History and Physical

Patients with thymomas or thymic carcinomas present in one of three ways:

  1. An incidental finding on imaging in an asymptomatic patient
  2. A patient symptomatic due to the local compressive effects of the mass within the thoracic cavity (e.g., dyspnea, cough)
  3. A patient symptomatic due to a paraneoplastic syndrome

There are various manifestations with which a patient with thymoma may present. Patients may have thoracic manifestations. These symptoms are related to the size and effect of the thymoma on adjacent organs, including chest pain, cough, and phrenic nerve palsy. Some patients with thymomas may present with superior vena cava (SVC) syndrome. Pleural and pericardial effusions in patients with a thymoma tend to be due to disseminated disease.

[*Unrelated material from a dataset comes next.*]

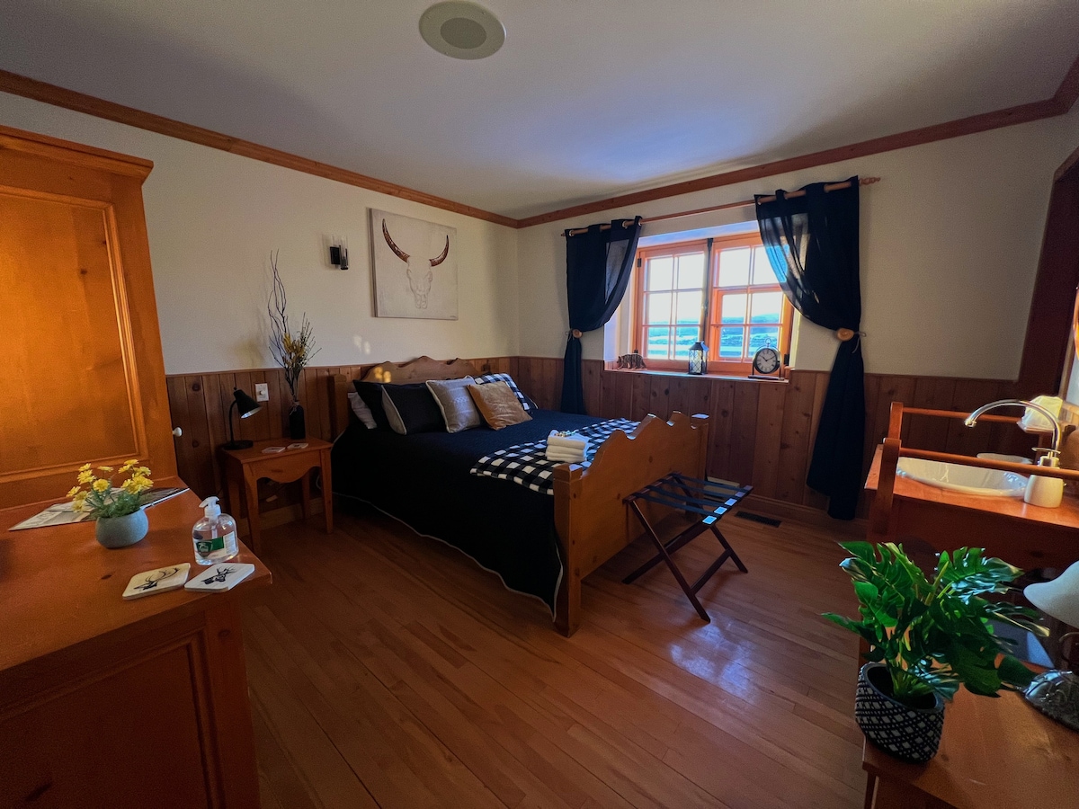Les magasins et les restaurants populaires sont tout près de ce logement enchanteur. Située près de la ville de Québec et à l'entrée de Charlevoix, entre le Fleuve St-Laurent et le Mont-Ste-Anne. Chambre champêtre avec 1 lit queen, foyer, wi-fi et stationnement gratuit, réfrigérateur, cafetière , coin repas, salle de bain privée, etc...

Patients with thymomas may have paraneoplastic manifestations as well. The most common paraneoplastic syndrome seen is myasthenia gravis. These paraneoplastic symptoms can occur at any time in the diagnosis and treatment process of thymomas. Myasthenia gravis is an autoimmune disorder that results in an immunologic attack of acetylcholine receptors at the neuromuscular junction of skeletal muscle. These patients tend to present with diplopia, ptosis, dysphagia, weakness, or fatigue. Approximately half of the patients with thymoma have myasthenia gravis and usually have less advanced disease since their symptoms lead to an earlier diagnosis. A thymectomy leads to the attenuation of the severe symptoms of myasthenia gravis.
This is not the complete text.